[[ Collected material, beginning ]]

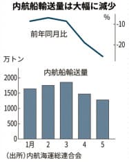 内航船輸送量、最低を更新 5月26%減 - 日本経済新聞
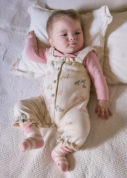 Diseño con tirantes. Botones a presión en la entrepierna para facilitar la puesta de la prenda. Cierre con botones. Modelo con rizo. Bajo elástico para un mejor ajuste. Diseño estampado.
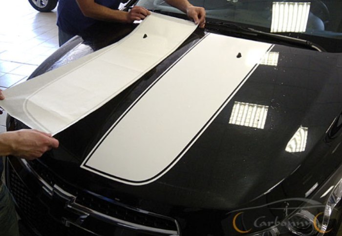 Можно не заклеивать пленкой всю машину, а сделать уникальный дизайн с помощью спортивных полос. Также популярны черные капоты и крыши.

[[ Collected material, end ]]

§ Your task
The response must repeat all the lines above exactly and include no pictures.

§ Solved exercise
 内航船輸送量、最低を更新 5月26%減 - 日本経済新聞
 Diseño con tirantes. Botones a presión en la entrepierna para facilitar la puesta de la prenda. Cierre con botones. Modelo con rizo. Bajo elástico para un mejor ajuste. Diseño estampado.
 Можно не заклеивать пленкой всю машину, а сделать уникальный дизайн с помощью спортивных полос. Также популярны черные капоты и крыши.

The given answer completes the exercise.